Dex One’s and SuperMedia’s boards of directors unanimously recommend that you vote “FOR” the proposals to approve and adopt the merger agreement and the transactions it contemplates and vote to “ACCEPT” the prepackaged plans to enable Dex One and SuperMedia to consummate the transaction through Chapter 11 cases, if necessary.
Your vote is very important. For purposes of voting on the merger agreement and the transactions it contemplates and the applicable prepackaged plan, you will receive a combined proxy and ballot (the “proxy and ballot”) to separately vote on each proposal. Whether or not you plan to attend the special meeting of Dex One stockholders or SuperMedia stockholders, as applicable, please submit your proxy and ballot to vote your shares to (a) approve the merger agreement and the transactions it contemplates as soon as possible to make sure your shares are represented at the applicable special meeting and (b) to accept the Dex One prepackaged plan or the SuperMedia prepackaged plan, as applicable. Your proxy and ballot must be received as set forth herein no later than 1:30 p.m. Eastern Time on [ ], 2013 to be counted.
Voting your shares to approve the merger agreement and the transactions it contemplates does not, by itself, constitute voting your shares to accept the Dex One prepackaged plan or the SuperMedia prepackaged plan, as applicable, and voting your shares to accept the Dex One prepackaged plan or the SuperMedia prepackaged plan, as applicable, does not, by itself, constitute voting your shares to approve the merger agreement and the transactions it contemplates. For your convenience, the proxy and ballot have been combined into a single document.

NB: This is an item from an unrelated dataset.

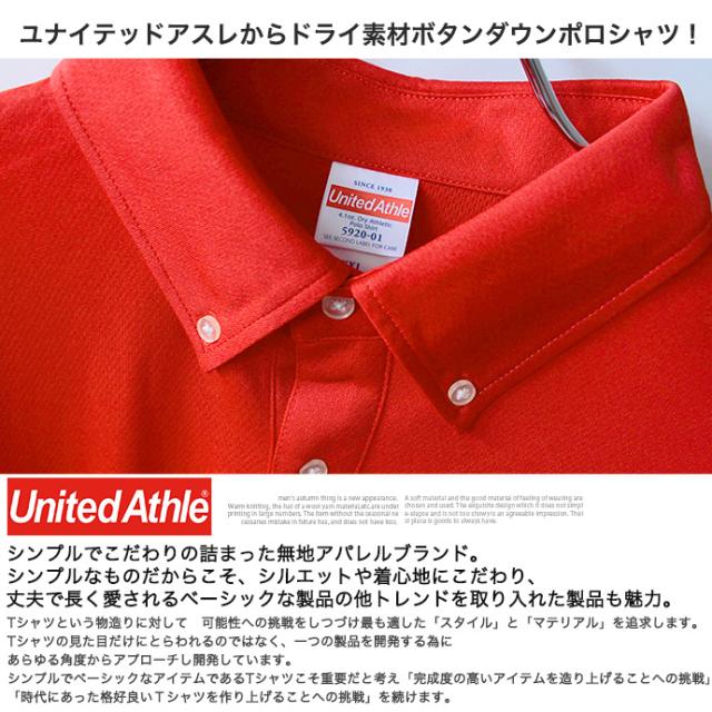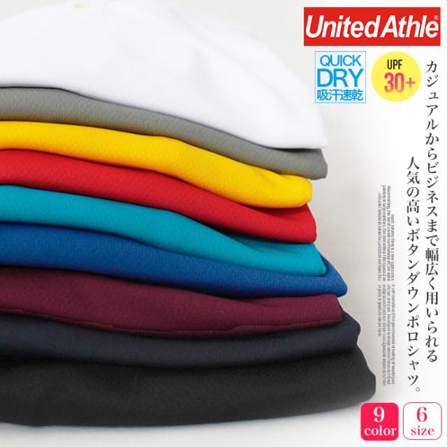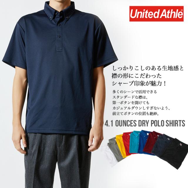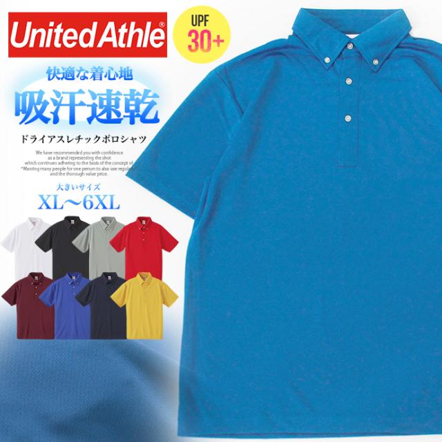 メンズ United Athle ユナイテッドアスレ ポロシャツ 4.1オンス トップス 吸水速乾 UPF30 半袖 ボタンダウン ドライ アスレチック 無地 ビッグサイズ 大きいサイズ メール便なら送料無料

Information about the special meetings of stockholders, the solicitation of stockholder approvals, the merger agreement and the transactions it contemplates, the prepackaged plans and the other business to be considered by Dex One stockholders and SuperMedia stockholders prior to voting is contained in this document. Your failure to vote on the proposal to adopt the merger agreement and the transactions it contemplates will have the same effect as voting against that proposal. Your failure to vote to accept the Dex One prepackaged plan or the SuperMedia prepackaged plan, as applicable, will have the effect of voting neither for nor against that proposal.
The obligations of Dex One and SuperMedia to complete the transaction are subject to the satisfaction or waiver of conditions set forth in the merger agreement and, if applicable, the prepackaged plans. More information about Dex One, SuperMedia, Dex Media, the transaction and the prepackaged plans is contained in this document. Dex One, SuperMedia and Dex Media encourage you to read this entire document carefully, including the section entitled “ Risk Factors ” beginning on page 41.
We look forward to the successful combination of Dex One and SuperMedia.

Sincerely, Sincerely,
Alfred T. Mockett Peter J. McDonald
Chief Executive Officer and President President and Chief Executive Officer
Dex One Corporation SuperMedia Inc.
Neither the Securities and Exchange Commission (the “SEC”) nor any state securities commission has approved or disapproved of the securities to be issued under this document or determined that this document is accurate or complete. Any representation to the contrary is a criminal offense.